* RAW DATA *

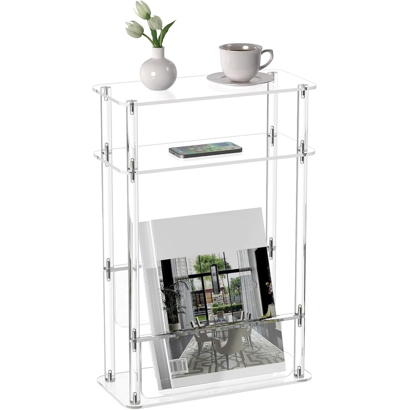 Slim Acrylic End Table with Magazine Holder, 3-Tier Narrow Design for Small Spaces, Clear
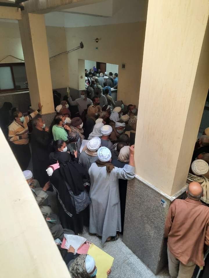 شهد مبنى عيادة "سيدي عبدالرحيم" الخاصة بالتأمين الصحي بمدينة قنا، تكدس العشرات من المواطنين أمام المبنى وداخله لإنهاء بعض التعاملات، الخاصة بالتأمين الصحي، ما يهدد بتفشي فيروس كورونا المستجد، وذلك بالرغم من التحذيرات بعدم الزحام في ظل زيادة معدلات الإصابة بالفيروس خلال الفترة الأخيرة بالمحافظة.
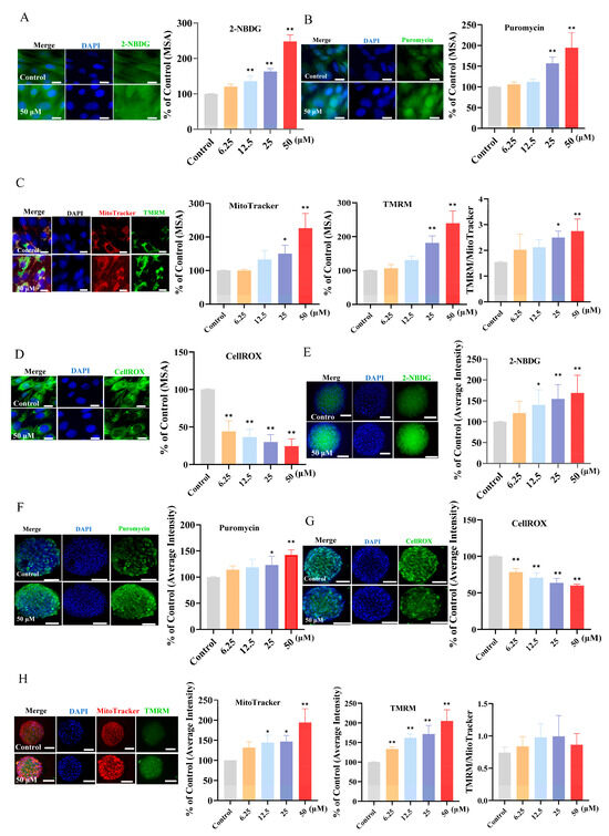 Effect of kaempferol on glucose uptake, mitochondrial mass, mitochondrial membrane potential, reactive oxygen species (ROS), and protein synthesis in vitro (C2C12 myotubes, cultured in 2D and 3D). The mean stain area (MSA) of 2-NBDG (A), puromycin (B), TMRM and MitoTracker (C), and CellROX (D) in C2C12 myotubes cultured in 2D. The average intensity of 2-NBDG (E), puromycin (F), CellROX (G), and TMRM and MitoTracker (H) in C2C12 myotubes cultured in 3D. Left panel: representative images, bar size: 50 μm (2D) and 100 μm (3D). The assays were performed in triplicate with three technical replicates. *, p < 0.05; **, p < 0.01.
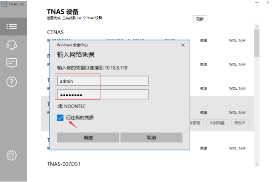 4.输入NAS中有权限访问这个共享文件夹的账号和密码,并勾选“记住我的凭证”;
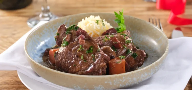 - In the same pan add, shallots, and soften for a few minutes, add the wine and chicken stock, bring to the boil, and add the chicken, carrots, bouquet garnie, garlic powder, tomato paste and cooked bacon. Add mushrooms, stir and allow to simmer for about 1 minute.
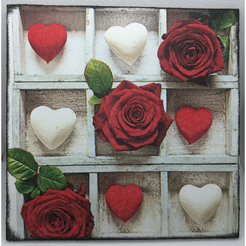 Decoupage obrázky na sololitové destičce 16x16 cm s háčkem na pověšení.
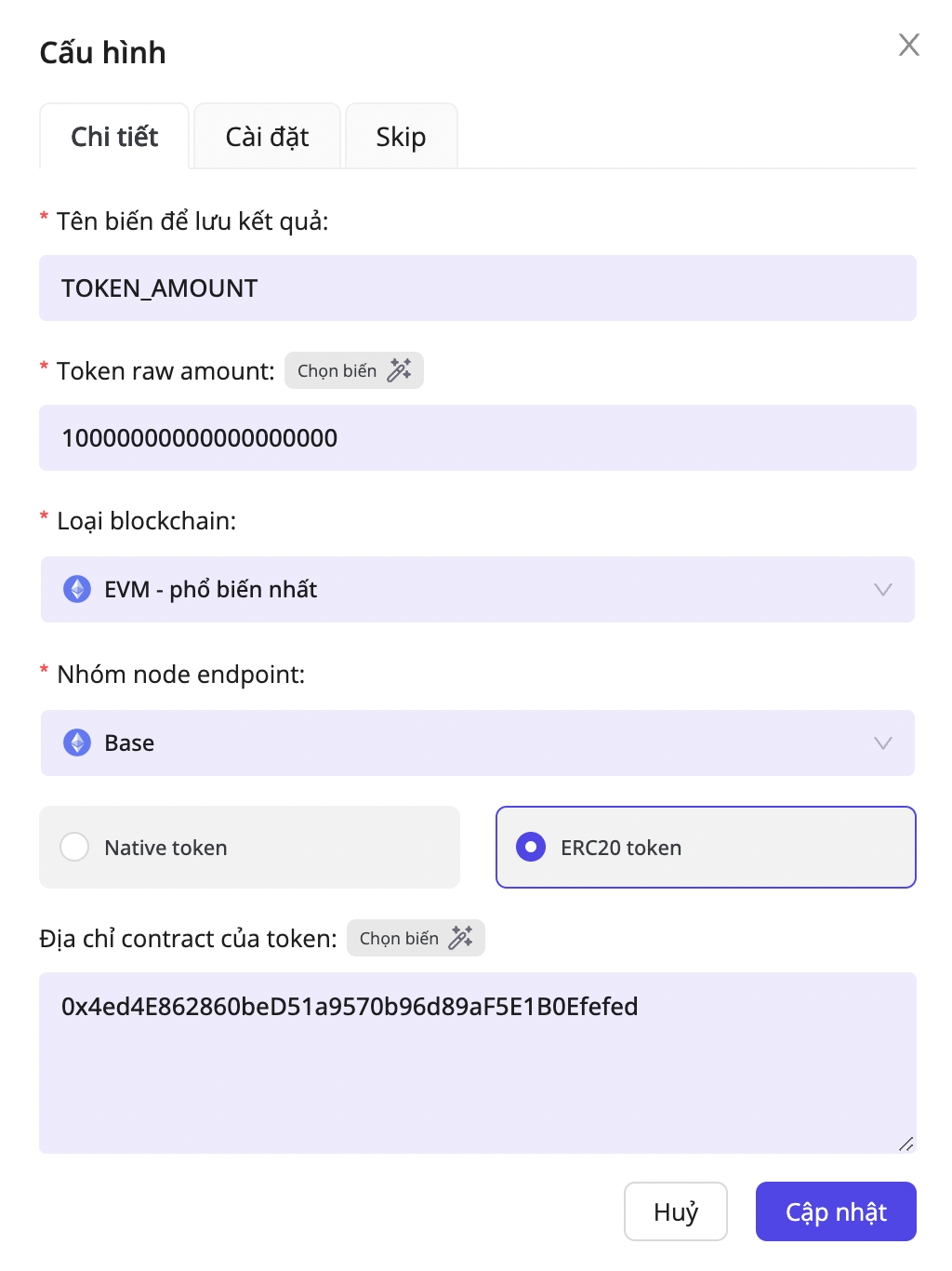Địa chỉ token, nếu bạn chọn Native token thì có thể bỏ qua trường này

* TASK DETAILS *
Drop the pictures, then write out only the lines running from the one containing "Effect of kaempferol" through the last line above, both included, exactly.

* EXERCISE RESPONSE *
 Effect of kaempferol on glucose uptake, mitochondrial mass, mitochondrial membrane potential, reactive oxygen species (ROS), and protein synthesis in vitro (C2C12 myotubes, cultured in 2D and 3D). The mean stain area (MSA) of 2-NBDG (A), puromycin (B), TMRM and MitoTracker (C), and CellROX (D) in C2C12 myotubes cultured in 2D. The average intensity of 2-NBDG (E), puromycin (F), CellROX (G), and TMRM and MitoTracker (H) in C2C12 myotubes cultured in 3D. Left panel: representative images, bar size: 50 μm (2D) and 100 μm (3D). The assays were performed in triplicate with three technical replicates. *, p < 0.05; **, p < 0.01.
 4.输入NAS中有权限访问这个共享文件夹的账号和密码,并勾选“记住我的凭证”;
 - In the same pan add, shallots, and soften for a few minutes, add the wine and chicken stock, bring to the boil, and add the chicken, carrots, bouquet garnie, garlic powder, tomato paste and cooked bacon. Add mushrooms, stir and allow to simmer for about 1 minute.
 Decoupage obrázky na sololitové destičce 16x16 cm s háčkem na pověšení.
Địa chỉ token, nếu bạn chọn Native token thì có thể bỏ qua trường này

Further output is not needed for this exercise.